2. The substrate treating method of claim 1, wherein the second antenna is connected to the first antenna if a deviation value of a current flowing through the first antenna with respect to a normal state current is a preset value or less, after the ignition of the plasma is initiated.

3. The substrate treating method of claim 1, wherein the second antenna is connected to the first antenna if a deviation value of a voltage applied to the first antenna with respect to a normal state voltage is a preset value or less, after the ignition of the plasma is initiated.

4. The substrate treating method of claim 1, wherein the second antenna is wound in the same direction as the first antenna.

5. The substrate treating method of claim 1, wherein a length between an upper end and a lower end of the second antenna is longer than a length between an upper end and a lower end of the first antenna.

6. The substrate treating method of claim 1, wherein power is supplied to each of the first antenna and the second antenna by a single power source.

7. The substrate treating method of claim 1, wherein the state of impedance of the first antenna is directly measured by a sensor connected with the first antenna.
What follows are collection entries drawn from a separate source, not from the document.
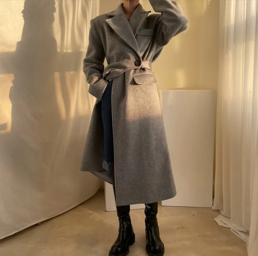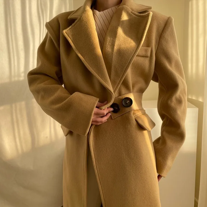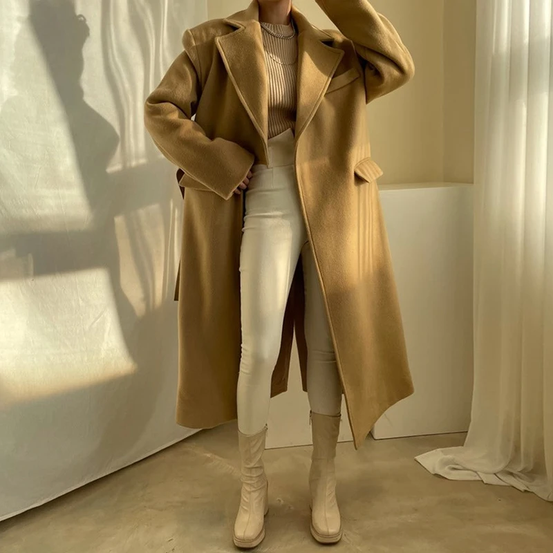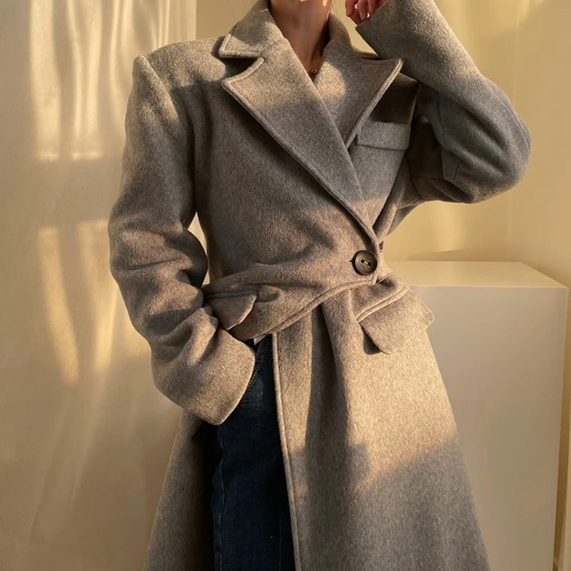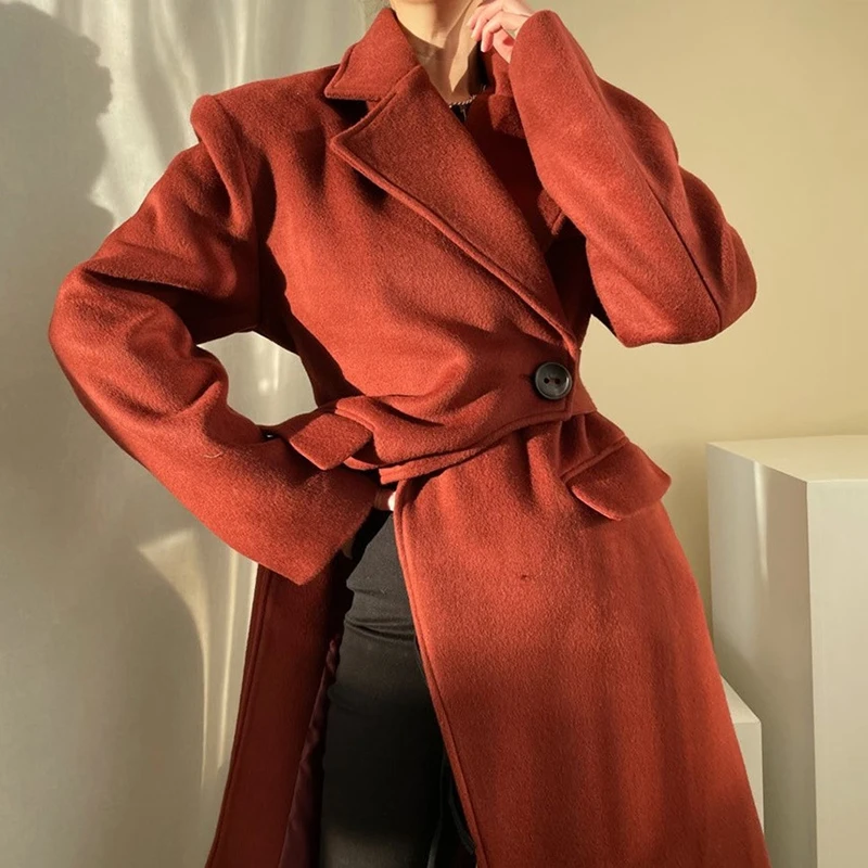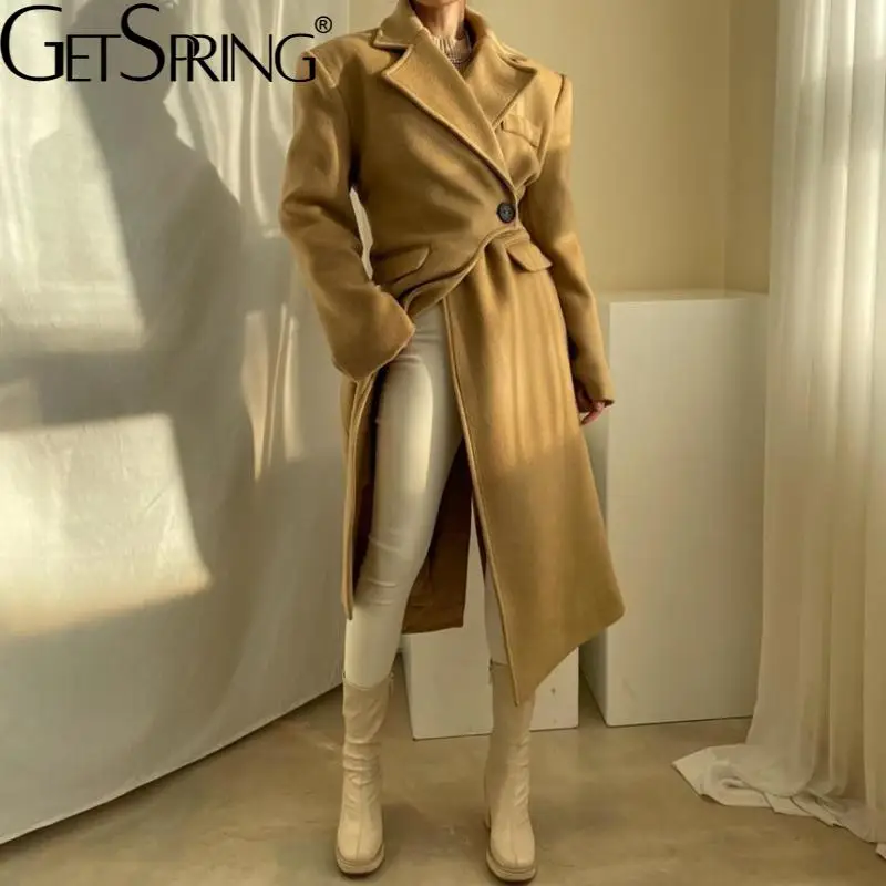 GetSpring Женское шерстяное пальто, винтажная Асимметричная зимняя куртка на одной пуговице, однотонное темпераментное теплое длинное пальто, 2021
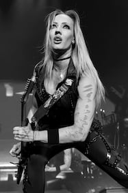 Alice Cooper And Judas Priest Perform At The Kia Forum INGLEWOOD, CALIFORNIA - OCTOBER 19: (EDITORS NOTE: Image has been converted to black and white). Nita Strauss performs at The Kia Forum on October 19, 2025 in Inglewood, California. (Photo by Monica Schipper/Getty Images) (Monica Schipper/Getty Images)
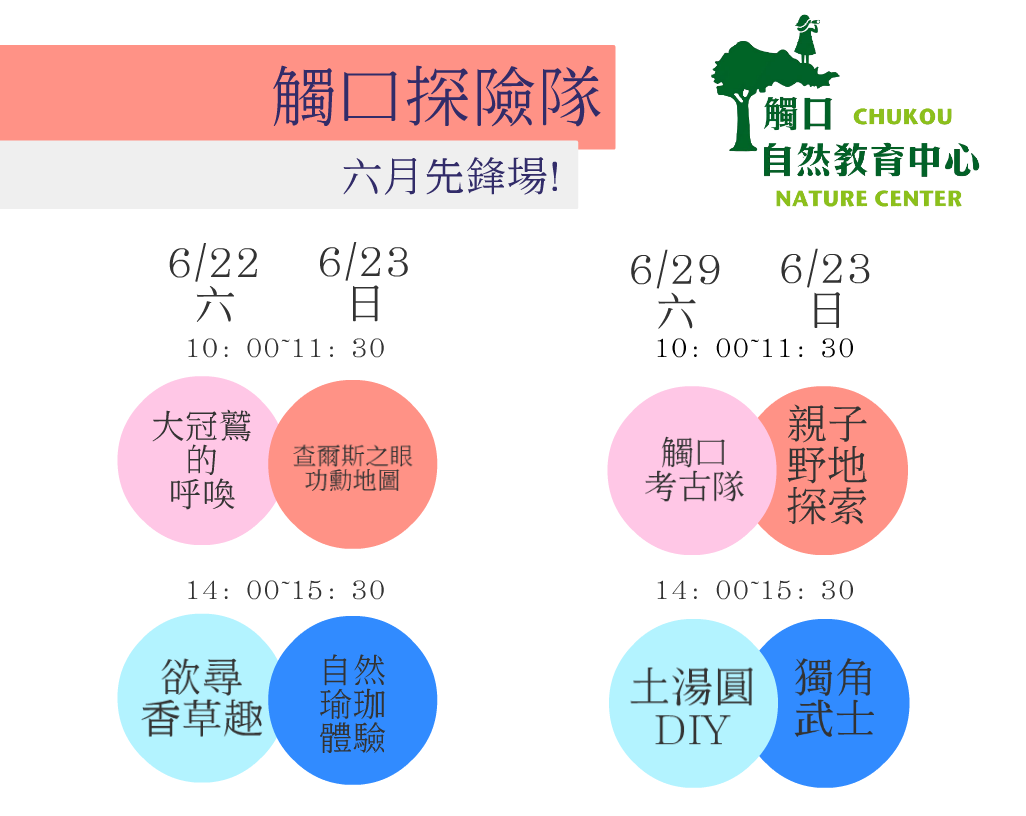 林務局嘉義林區管理處觸口自然教育中心十歲了,自108年6月22日起至7月26日,觸口自然教育中心特別推出「觸口探險隊」活動,規劃13套精選定時定點課程,邀請大家一起來歡慶十週年生日。 炎炎夏日 觸口探險「趣」 嘉義林區管理處觸口自然教育中心自98年7月18日正式營運以來,推出的課程服務皆採預約制,平時前往中心園區踏青的民眾因未預約申請且人數少,無法體驗中心的課程活動。有鑑於此,中心特別推出十周年特別活動—「觸口探險隊」, 精選13套定時定點課程服務,於6月22日到30日,每周六、日各提供2場次活動;7月1日到7月26日每周一、三、五各提供4場次活動,一次滿足大家的需求。「觸口探險隊」系列活動可現場報名,只要年滿6歲以上民眾,於課程開始前10分鐘至園區綠意館一樓報名及繳費即可參與。課程時間約為1.5小時,每項活動每人收費50元,課程詳細內容可至觸口探險隊專頁(https://sway.office.com/PEss2pulYiULTLJW?ref=Link)查詢。 打開探索自然的視野 「觸口探險隊」系列課程有自然探索、動物視野、輕鬆生活、DIY活動四大類,讓民眾根據喜好及需求,選擇不同的課程來接觸自然。自然探索課程〈親子自然同遊趣〉、〈查爾斯之眼—功勳地圖製作〉、〈觸口考古探險隊〉、〈自然小小觀察家〉,提供親子學習如何進行安全有趣的野地探索活動。動物視野〈蟹蟹再連絡〉、〈無「獨」有偶〉、〈踏尋蛛蹤〉課程以中心園區熱門生物臺灣南海溪蟹、獨角仙、蜘蛛等為主角,帶領大家認識園區原住民,學習如何與萬物共生共榮。輕鬆生活〈欲尋香草趣〉、〈無患子清潔劑DIY〉及〈自然瑜珈體驗〉,學習運用自然元素增進生活品質。DIY活動有〈土湯圓〉及〈大冠鷲的呼喚〉適合喜愛動手作的民眾來進行種子球盆栽、種子鳥笛DIY體驗。 觸口自然教育中心位於阿里山公路約29.5公里處,交通便利,園區動、植物生態豐富,是適合大朋友、小朋友親近自然的好地方。中心持續推出適合社會各界及各年齡層民眾體驗學習的新課程,歡迎民眾前來師法自然,快樂學習。中心地址:嘉義縣番路鄉新福村五虎寮18號,開放時間9:00~17:00,中心各項活動訊息可至林務局自然教育中心網站 (https://recreation.forest.gov.tw/)及觸口自然教育中心Facebook粉絲專頁(https://www.facebook.com/cycknc/)查詢,或來電洽詢(05)259-0211。
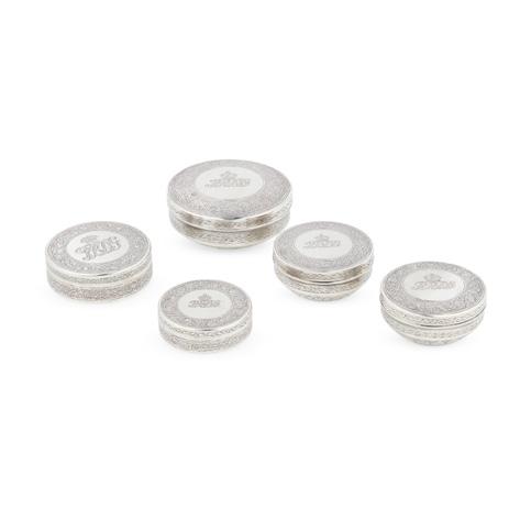 A MID 20TH CENTURY EGYPTIAN SET OF FIVE GRADUATED DRESSING TABLE BOXES
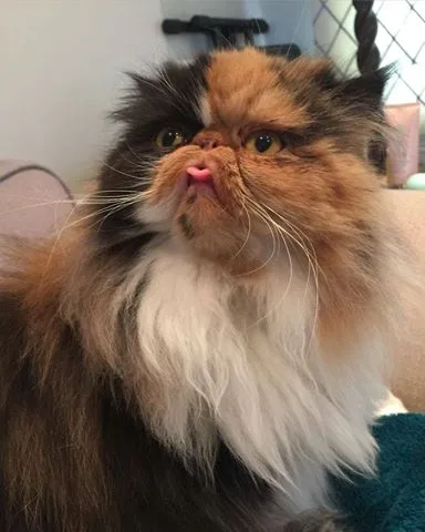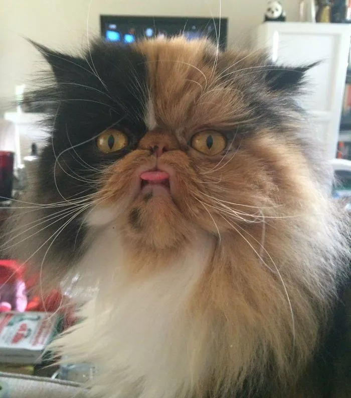 Molly เป็นแมวเปอร์เซีย 3 สี ที่เจ้าของปัจจุบันไปซื้อมาจากร้านขายสัตว์เลี้ยงที่ไม่ได้รับการเอาใจใส่ ตอนนั้นมันมีร่างกายที่ผอมแห้ง พวกเขาได้บำรุงร่างกายและรักษามันเป็นอย่างดี จนตอนนี้เวลาผ่านมา 5 ปี แล้ว มันกลายเป็นแมวที่มีชื่อเสียงในหมู่บ้าน มันคอยสร้างความบันเทิงให้กับทุกคนและชอบแลบลิ้นออกมา
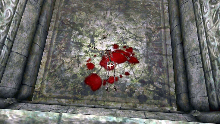 Слева от входа будет короткий путь к черепу Лаймарка, однако для преодоления препятствий потребуется высокий навык акробатики. Впрочем, можно обойти по правому пути, здание все равно небольшое. Тело Лаймарка лежит в луже крови внизу – похоже, у бедняги было плохо с акробатикой.
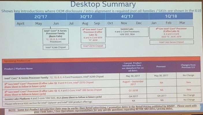 We have the opportunity to take another look at Intel's plans for a moderate freshness in the processor segment.  Firstly, it is interesting to note the actual absence of the 12-core model Skylake-X in the current products assortment  .  Apparently, Intel previously planned to introduce such a processor in late May, but before the announcement decided to "populate" it to delayed models with an increased number of cores.
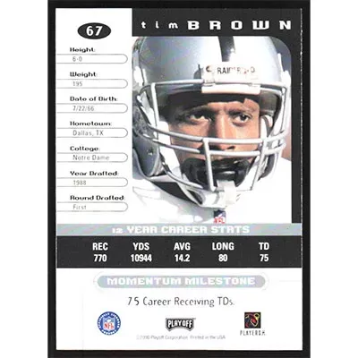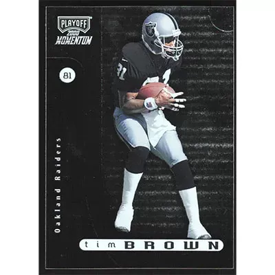 This is a 2000 Playoff Momentum Tim Brown football card. The card is #67 and pictures show condition.
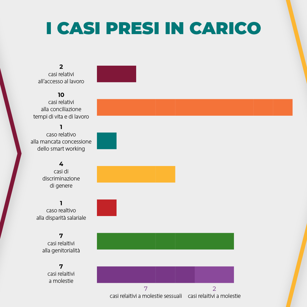 2 sono relativi all’accesso al lavoro, ossia a domande discriminatorie fatte in corso di colloquio (p.e.: ha figli? Vuole avere figli? Ha familiari disabili a carico?);
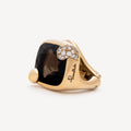 Yellow gold clip earrings adorned with a smoky quartz and a diamond-paved claw.
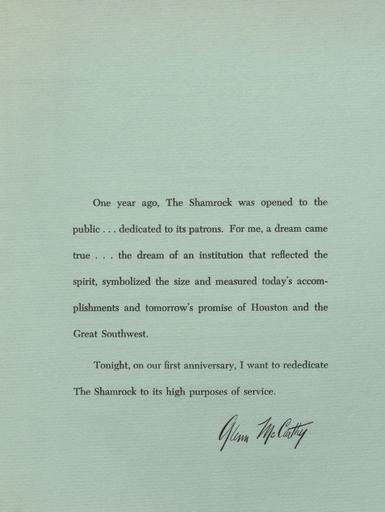Keywords: First Anniversary Saint Patrick's Day celebration - message from Glen McCarthy.jpg en Shamrock Hotel Houston Texas First Anniversary Saint Patrick's Day Celebration message from Glen McCarthy 1950 The University of Houston Digital Library http //digital lib uh edu The University of Houston Digital Library Custom license marker 2012 04 29 This image is in the public domain and may be used freely If publishing in print electronically or on a website please use the citation Courtesy of Special Collections University of Houston Libraries To order a higher resolution reproduction see http //info lib uh edu/about/campus-libraries-collections/special-collections-archives/request-digital University of Houston Libraries Uploaded with UploadWizard 1950 documents Saint Patrick's Day in the United States Hotels in Houston Food menus 1950 in Houston |
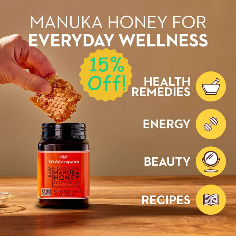 Get 15% off your order at Wedderspoon for quality Manuka Honey from New Zealand.
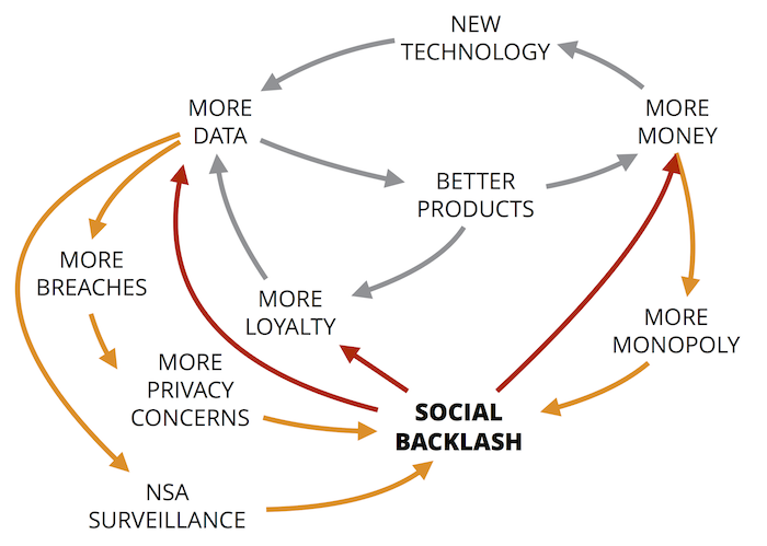 In fact this signal points to a turbulent eddy disrupting the virtuous cycle of our product and data economy. This turbulence is coming from a few different directions, but it’s combining to create the beginnings of what I would term a “big-tech backlash”. The more data organizations store the more they become a target for intrusion; the more high-profile breaches the more people worry about privacy concerns. As the data giants make more money their monopoly hold on the digital economy becomes clearer, again leading to public distrust. Added to all this you throw into the mix the wild-card of the revelations about dragnet NSA surveillance and you begin to see potent fuel for a public backlash against the direction that our data-driven digital economy is heading.
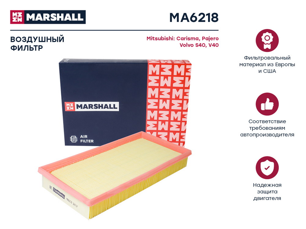 MA6218 MARSHALL Фильтр воздушный Mitsubishi Carisma 95- Pajero II 98- Volvo S40 I 95- V40 I 95
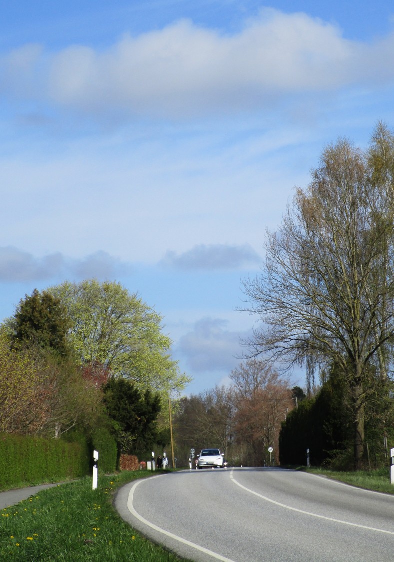 In der öden, offenliegenden Strecke des folgenden Marschkanals rasen andere bei wechselnden Schatten Passierender mal auf-, …

8. A substrate treating method comprising: initiating ignition of plasma by connecting a first antenna wound on an upper portion of a chamber to a power source;determining a state of impedance in the first antenna with a controller based on current flowing through the first antenna; andwhen after the ignition of the plasma is initiated, the controller determines that a deviation value of a current flowing through the first antenna with respect to a normal state current is a preset value or less, connecting a second antenna to the first antenna in parallel.

9. The substrate treating method of claim 8, wherein when after the ignition of the plasma is initiated, the controller determines that a preset time period has elapsed, connecting the second antenna to the first antenna in parallel.

10. The substrate treating method of claim 9, wherein power is supplied to each of the first antenna and the second antenna by a single power source.

11. The substrate treating method of claim 8, wherein the state of impedance of the first antenna is directly measured by a sensor connected with the first antenna.